Directed By: Dean DeBlois & Chris Sanders
Starring: Jay Baruchel, Gerard Butler, America Ferrera, & Craig Ferguson
MPAA Rating: PG
My Rating: 9 / 10
It's a rare occasion when we get one truly great animated film in a year. But, it's nearly impossible for us to get not one, but two great ones. Fortunately, that has happened in 2010. The first was Toy Story 3, and the second is now How to Train Your Dragon. As I've been making a mad dash to see as many Oscar contenders as I can before the big night (and to prepare for the highly-anticipated and esteemed...at least by me...Crooked Shoes Awards), one film I really wanted to check out was this one. While unimpressed with pretty much all of the marketing (It didn't click with me.), I was surprised by the overwhelming love it got from critics, and even more surprised by its box-office gross. Clearly, if any film was going to be able to go head-to-head with the formidable Toy Story 3 come Oscar night, it was this one. Now, I know why. Packed with exciting action scenes, heartfelt relationships, and some of the best animation I've ever seen, How to Train Your Dragon is a surprising and beautiful film that, like Toy Story 3, symbolizes everything I love and admire about animated films.
Hiccup Horrendous Haddock III (Jay Baruchel) is just about the dorkiest guy in the Viking village...a big problem since it's populated with hungry dragons, and since his father, Stoick the Vast (Gerard Butler), is the greatest dragon slayer there ever was. To prove himself to his father (and to hopefully get a date), Hiccup sneaks out during a dragon ambush and shoots a Night Fury dragon, the most dangerous and feared of all dragons, down from the sky. The next morning, when he finds the dragon, he can't bring himself to kill it...and instead, names it Toothless and keeps it as a pet. As the war between the Vikings and the dragons intensifies, Hiccup realizes that dragons are not the terrible beasts they thought them to be...rather, they are helpless servants of a much bigger, more evil dragon that they must feed constantly, lest they be killed. Can Hiccup convince the other Vikings to join forces with the dragons against a common enemy, in order to create a peaceful coexistence between the two worlds?

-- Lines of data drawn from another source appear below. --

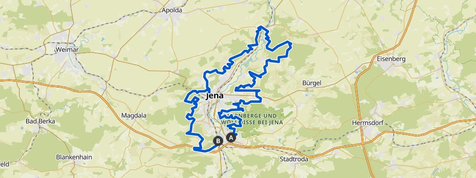 Das könnte auch an deinem Muskelkater liegen. Die Etappen sind inklusive Ein- und Ausstieg zwischen 9 und 18 Kilometern lang und du überwindest bis zu 500 Höhenmeter pro Tag. Je nach Fitness planst du dir für die Tour fünf bis neun Tage ein. Die einzelnen Etappen sind aber so angelegt, dass du sie auch entspannt einzeln wandern kannst. An manchen steilen und steinigen Stellen ist Trittsicherheit gefragt. Gutes Schuhwerk und Wanderstöcke sind empfehlenswert. Jena erreichst du problemlos mit Bus und Bahn über die Bahnhöfe Jena-Paradies und Jena-West. In der Stadt bewegst du dich schnell und bequem mit der Straßenbahn. An deinen Ausgangsort – die Haltestelle Platanenstraße – gelangst du mit den Linien 3 und 5 (Richtung Lobeda-Ost). Weitere Informationen zur Routenplanung erhältst du unter folgendem Link: vmt-thueringen.de. Nun freu dich auf Weitblicke und erlebnisreiche Tage rund um Jena!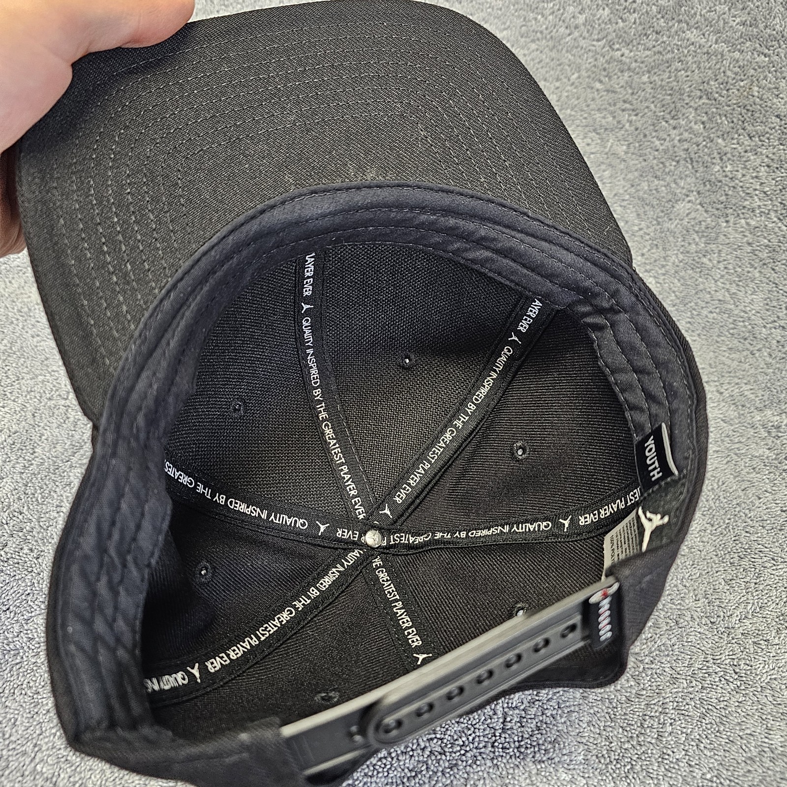 как выглядит YOUTH Air Jordan Hat Jumpman Cap Snapback Black Red Spell Out Logo OSFM Nike фото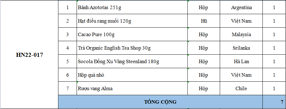 Các thành phần bao gồm: bánh kẹo, trà, cà phê, mứt, giỏ quà, hộp quà, nơ, ruy băng & rượu trong phần quà tặng đôi khi có thể bán hết hàng mà chúng tôi chưa kịp cập nhật. Nếu điều này xảy ra, chúng tôi sẽ xác nhận với bạn và luôn thay thế bằng các sản phẩm có giá trị tương đương hoặc lớn hơn.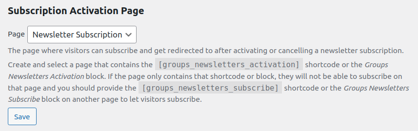 It is advisable to create this page where visitors can subscribe. After activating or cancelling a newsletter subscription, visitors will be redirected to this page.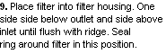 10. Place filter holder and overflow T-Piece through holes at top of filter. Turn to hold down filter and adjust until securely held in position.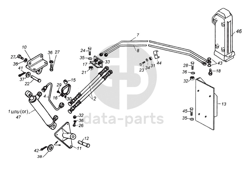 Шланг к цилиндру опрокидывающего механизма кабины в сборе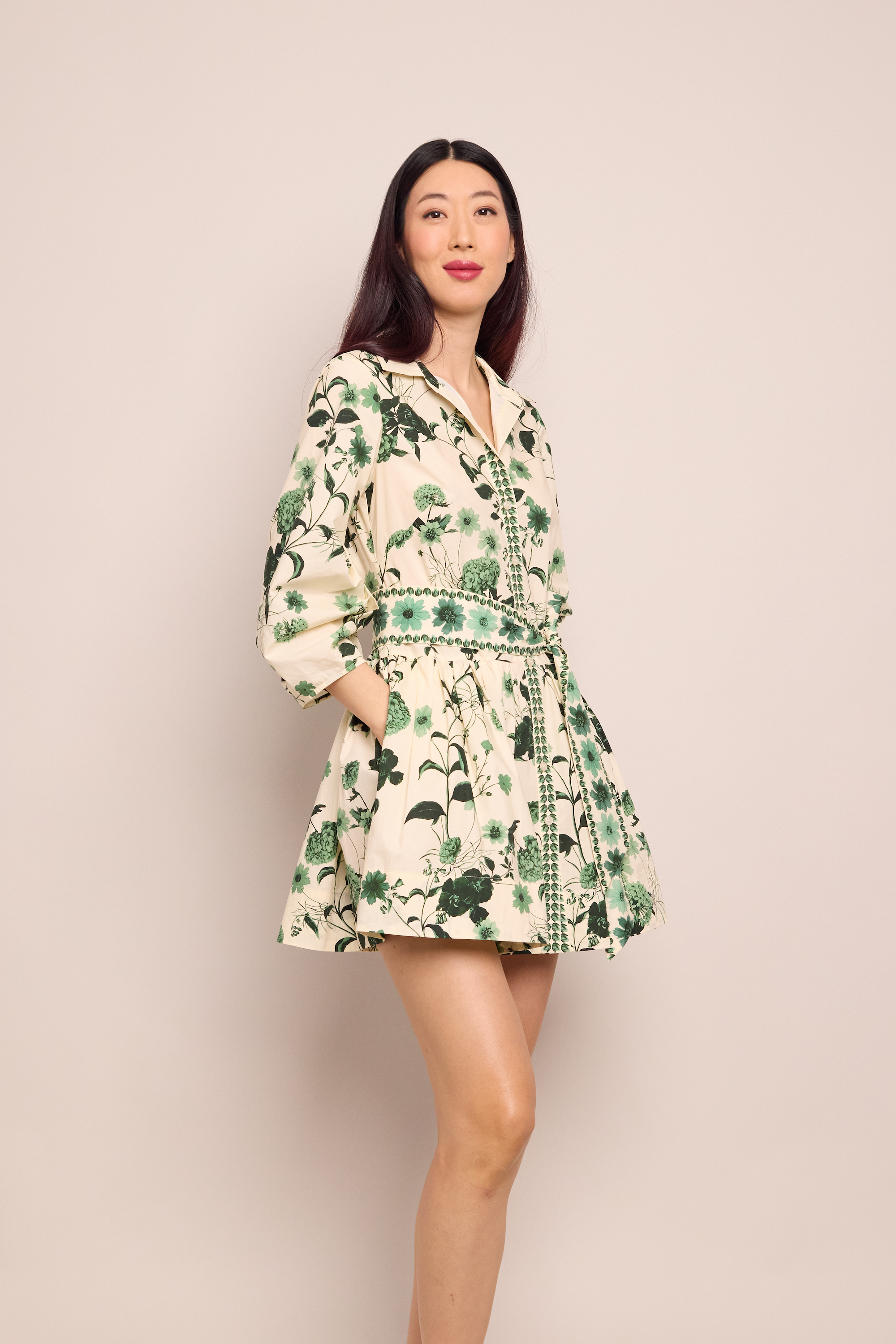 • Placed print at placket sash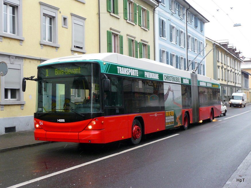 VB Biel - Hess-Swisstrolleybus BGT-N2C Nr.54 unterwegs auf der Linie 1 in der Stadt Biel am 29.01.2010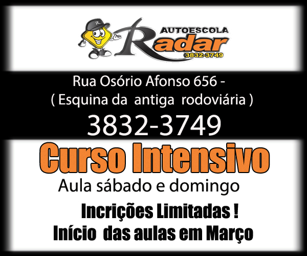 Atendendo à solicitação de vários alunos que não tem tempo de fazer o Curso ( 45 horas) durante a semana e que precisam acelerar o processo de habilitação, a Auto Escola Radar oferece nesse mês de Março um INTENSIVÃO com aulas no Sábado e Domingo!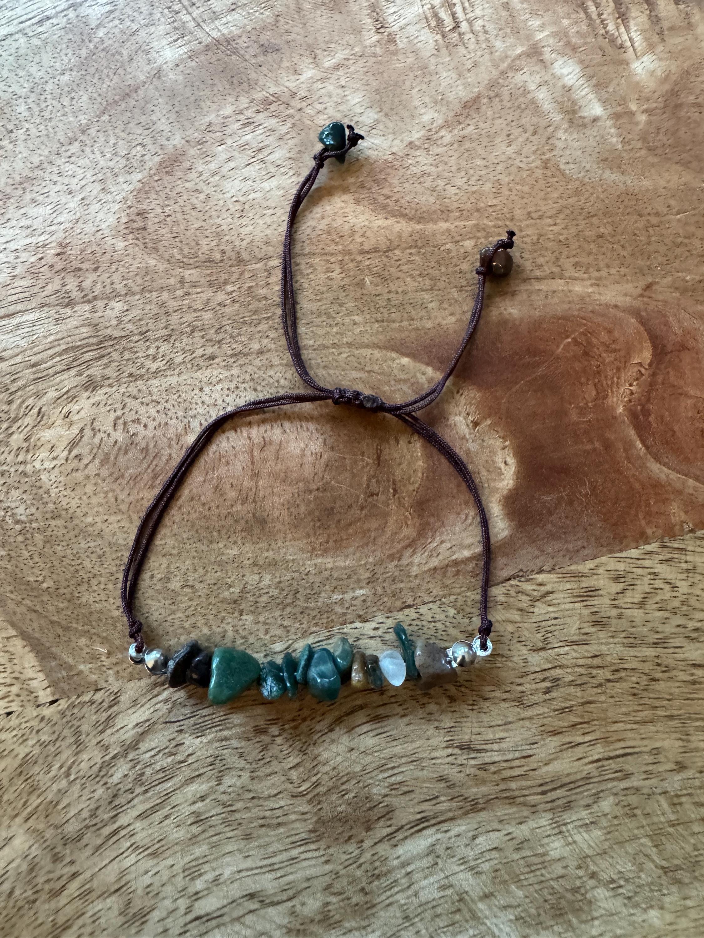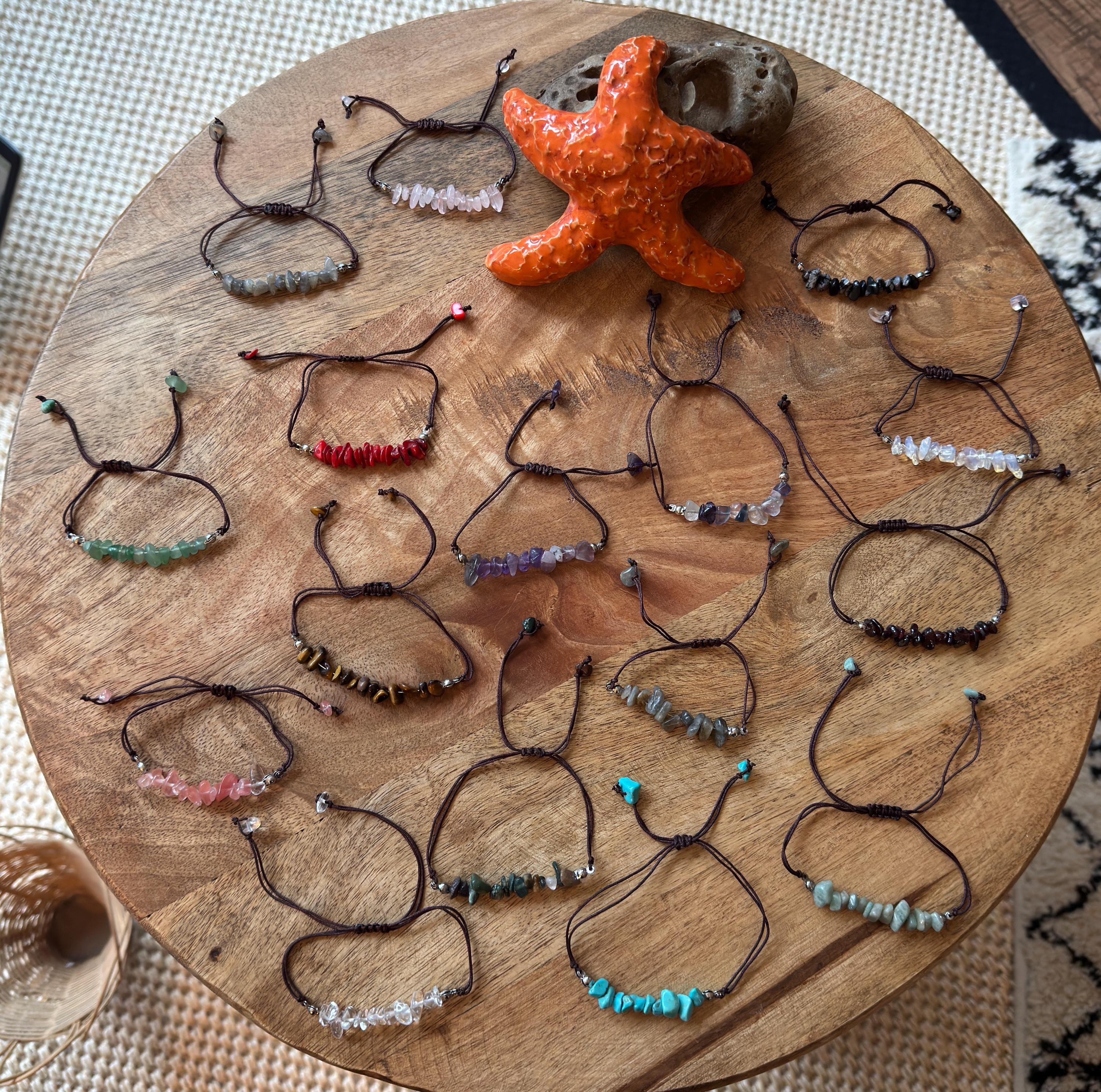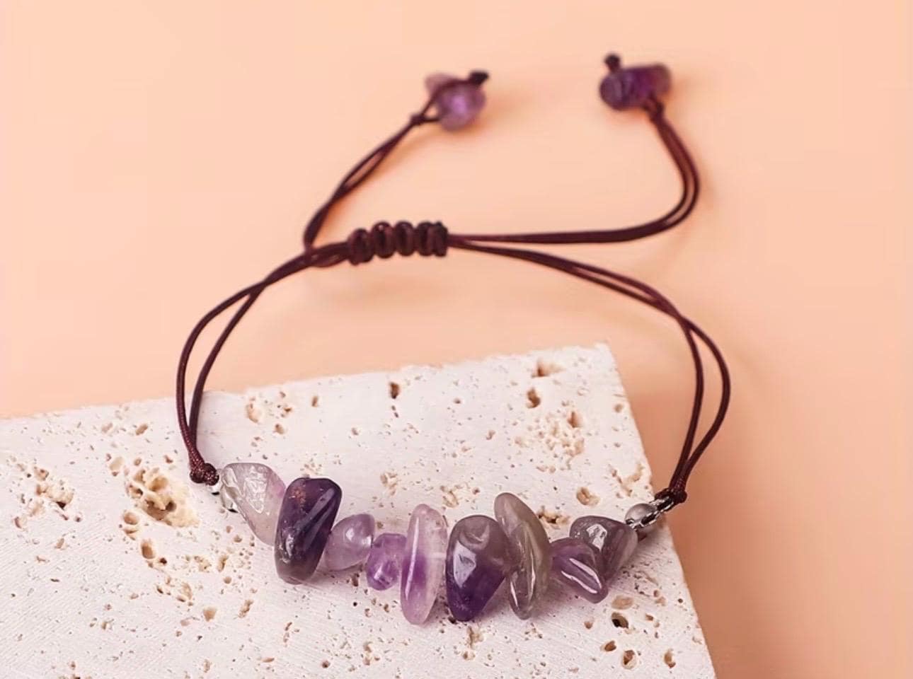 Discover the unique charm of our handmade natural gemstone bracelets, perfect for adding an earthy elegance to any outfit. Each piece features irregular shaped genuine crystal chip beads woven onto a durable adjustable brown rope band. These versatile wrist bands are designed to fit comfortably as bangles and make an ideal gift for yourself or a loved one. Whether you're drawn to the vibrant colors or the potential healing energy of natural stones, these bracelets offer a harmonious blend of style and holistic wellness.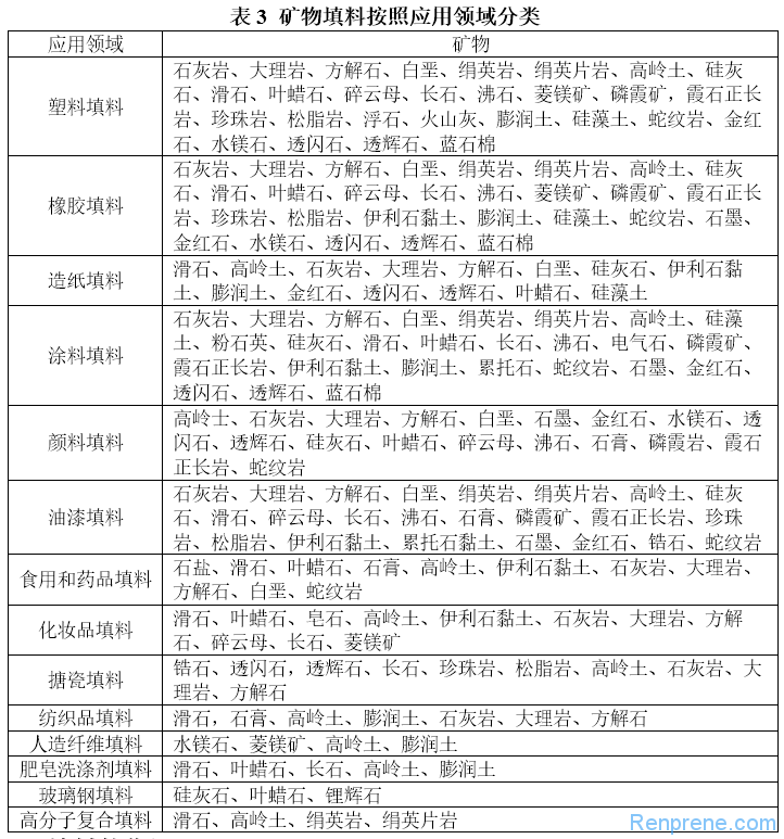 可作为矿物填料的矿种很多,用途也很广,按填料应用领城分类见表3。

At its heart, How to Train Your Dragon is the story of a young boy who doesn't fit in, and must try to change his world with his own individuality. This is the kind of material that Dreamworks would normally pollute with dull pop culture references and lame scatological humor. Fortunately, they seemed to recognize the poignancy of the story, because this is one of their few films that is actually comparable to (and, in some cases, better than) the classics created by Disney/Pixar. While Dreamworks usually makes films that are flash-in-the-pan affairs, catering to the audience of right now (Pop culture references age badly within months, after all.), rather than creating lasting films that will withstand the test of time, How to Train Your Dragon is perhaps their most valiant effort yet. Directors Dean DeBlois and Chris Sanders clearly understand that, when working with animation, you are not making a film any different than a live-action one. To paraphrase Toy Story 3 director Lee Unkrich, your characters might be animated, but they have to have something human to say.
On top of its touching story, How to Train Your Dragon is brought to life with lush, gorgeous animation. Colorful, extravagant, and meticulously-detailed, it often consumed me in its striking visuals. The dragon designs are creative and brought to life with a fresh animation style. Usually, humans in animated films look, at least, a little awkward. Those in Dragon don't fully escape this, but they are designed to be thoroughly cartoonish anyway, so they come off feeling almost intentionally weird-looking. Some images are so striking, you won't soon forget them, as in the final showdown against the evil dragon, shown in parts via silhouettes in the cloud-covered sky. DeBlois and Sanders put time and thought into each scene, and thus the film really pops off the screen, in a way that most animated films fail to. If you can't tell, I really liked this film. It's one of the few family films that work well for both children and adults. Plus, parents have nothing to worry about when letting their children see it, since the filmmakers wisely and thankfully avoided any dragon fart jokes or thinly-veiled sexual references. That, in and of itself, deserves a warm round of applause.